President of the Circuit Court
- Incumbent
- Assumed office 13 July 2019
- Nominated by: Government of Ireland
- Appointed by: Michael D. Higgins
- Preceded by: Raymond Groarke

Judge of the Circuit Court
- Incumbent
- Assumed office 2 July 2002
- Nominated by: Government of Ireland
- Appointed by: Mary McAleese

Personal details
- Spouse: Brian Lenihan Jnr ​ ​(m. 1987; died 2011)​
- Children: 2
- Education: University College Dublin; King's Inns;

= Patricia Ryan (judge) =

Irish judge

Patricia Ryan is an Irish judge who has served as President of the Circuit Court since 2019 and a Judge of the Circuit Court since July 2002.

== Early life ==
Ryan attended University College Dublin and the King's Inns. She was called to the Irish Bar in 1984. She acted in cases including those involving personal injuries.

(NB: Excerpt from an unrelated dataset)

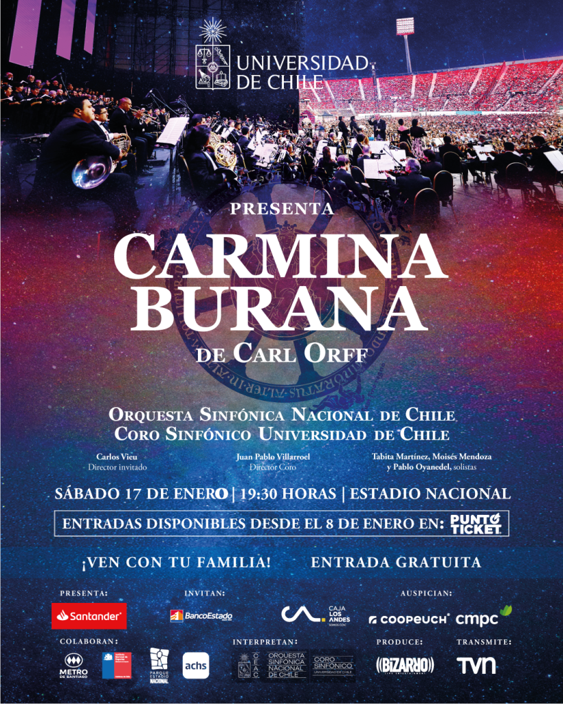 Carmina Burana, interpretado por la Orquesta Sinfónica Nacional de Chile y el Coro Sinfónico de la Universidad de Chile, en el Estadio Nacional”, señaló la Rectora de la Universidad de Chile, Rosa Devés.

She was appointed a vice-chairperson of the Employment Appeals Tribunal in 1998 and was re-appointed in 2001.

== Judicial career ==
=== Circuit Court ===
Ryan was nominated to the Circuit Court in June 2002 and appointed in July 2002. She has presided over criminal law trials involving dangerous driving, manslaughter, fraud, sexual offences, theft, harassment, health and safety law, and drugs offences.

She sat on the Special Criminal Court.

=== President of the Circuit Court ===
She became the President of the Circuit Court in July 2019.

== Personal life ==
Ryan married Brian Lenihan Jnr in 1987 with whom she had two children. Lenihan died in 2011.